*** INPUT ***
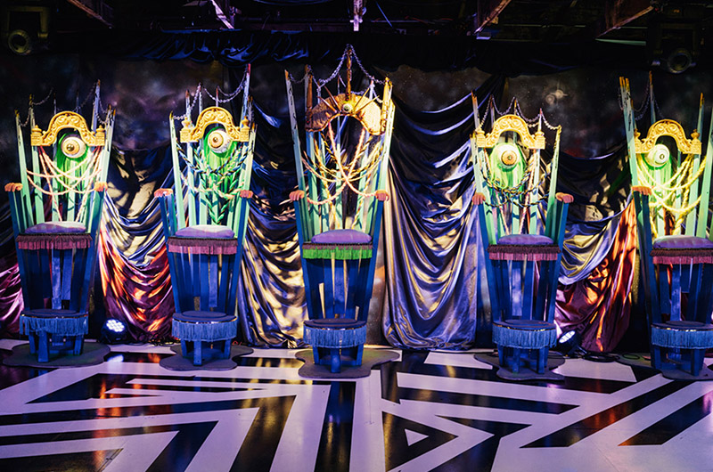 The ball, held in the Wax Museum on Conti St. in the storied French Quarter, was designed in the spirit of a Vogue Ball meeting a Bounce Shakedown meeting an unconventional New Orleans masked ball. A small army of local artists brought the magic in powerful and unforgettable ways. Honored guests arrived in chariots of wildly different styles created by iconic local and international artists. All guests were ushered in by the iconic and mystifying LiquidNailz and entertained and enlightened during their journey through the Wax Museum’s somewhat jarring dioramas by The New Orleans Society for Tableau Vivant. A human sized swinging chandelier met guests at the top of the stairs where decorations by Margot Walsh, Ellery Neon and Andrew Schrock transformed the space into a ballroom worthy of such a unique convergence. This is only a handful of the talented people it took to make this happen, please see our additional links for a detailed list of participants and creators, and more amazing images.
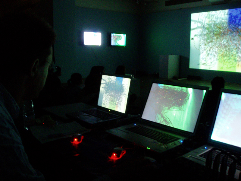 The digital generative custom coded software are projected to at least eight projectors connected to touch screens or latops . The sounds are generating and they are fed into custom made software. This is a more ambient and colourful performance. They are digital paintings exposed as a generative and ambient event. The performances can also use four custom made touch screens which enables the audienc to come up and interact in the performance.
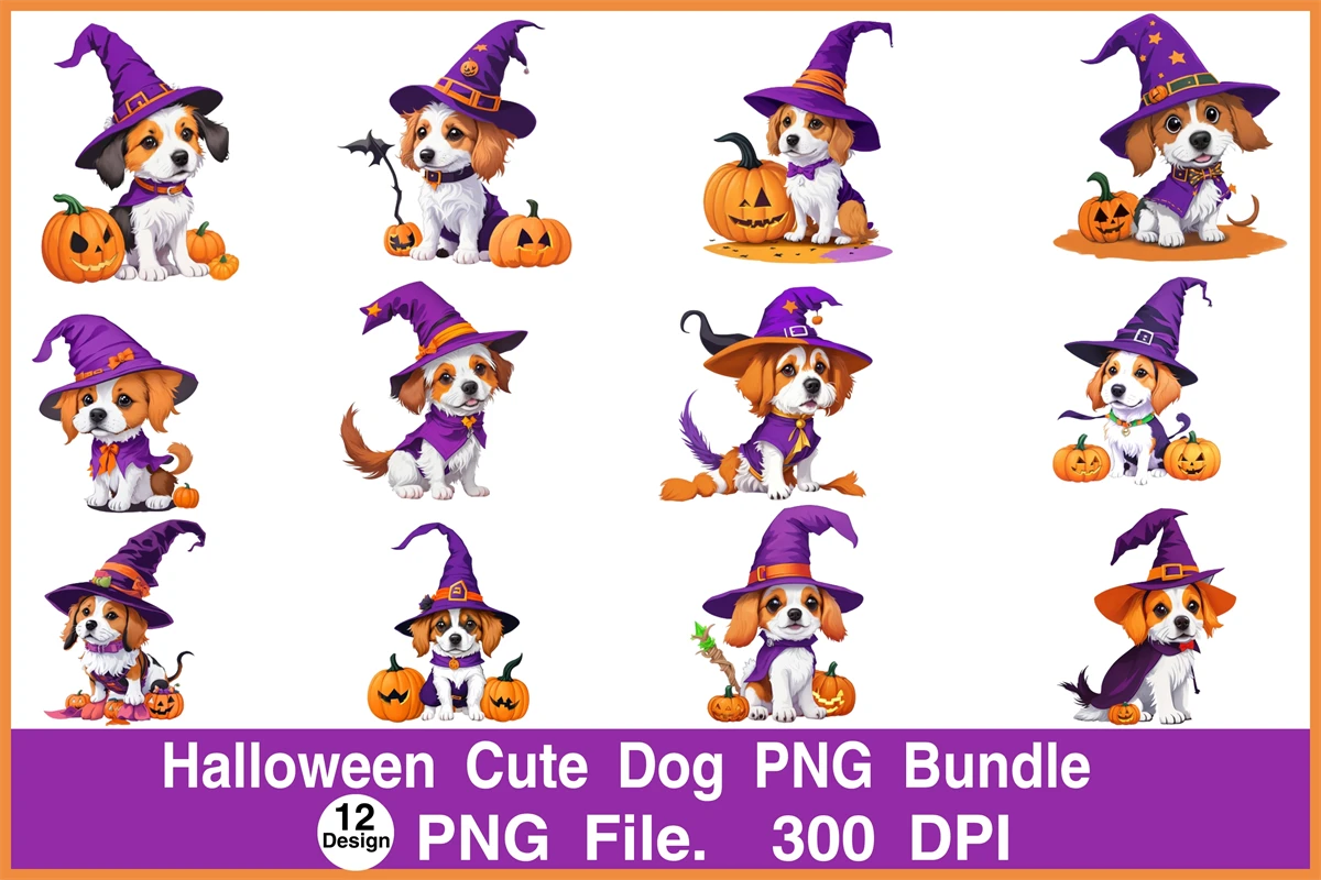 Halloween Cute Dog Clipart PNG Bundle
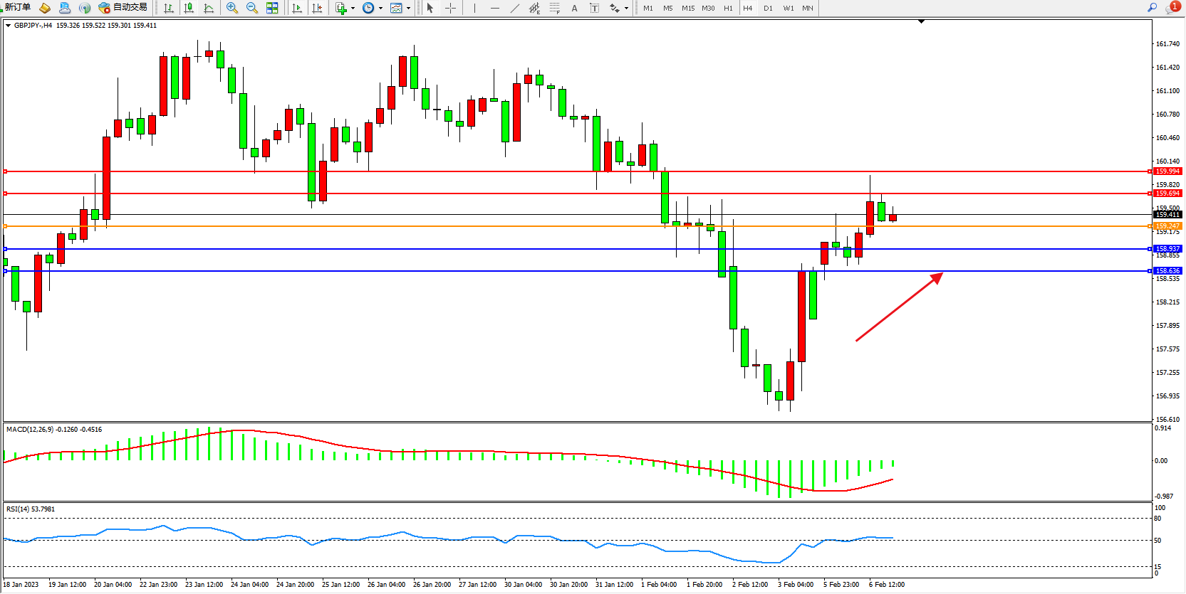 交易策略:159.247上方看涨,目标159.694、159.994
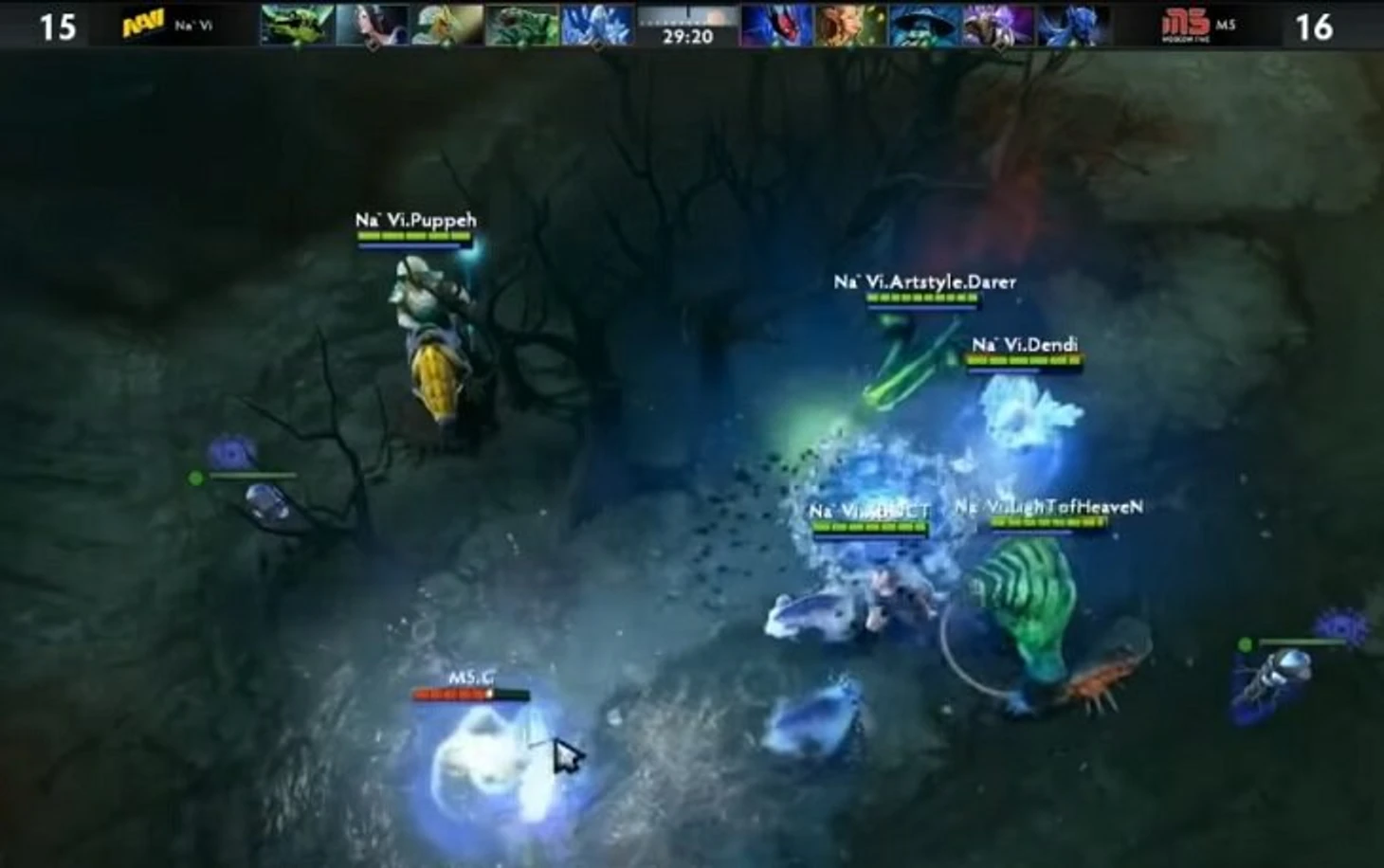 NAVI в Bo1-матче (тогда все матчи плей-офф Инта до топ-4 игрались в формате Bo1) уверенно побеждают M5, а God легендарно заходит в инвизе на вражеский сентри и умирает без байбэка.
*** End of INPUT ***
What is wanted is an exact copy of the lines above from the one containing "The digital generative" through the one containing "交易策略:159.247上方看涨,目标159.694、159.994", with no pictures in it.

 The digital generative custom coded software are projected to at least eight projectors connected to touch screens or latops . The sounds are generating and they are fed into custom made software. This is a more ambient and colourful performance. They are digital paintings exposed as a generative and ambient event. The performances can also use four custom made touch screens which enables the audienc to come up and interact in the performance.
 Halloween Cute Dog Clipart PNG Bundle
 交易策略:159.247上方看涨,目标159.694、159.994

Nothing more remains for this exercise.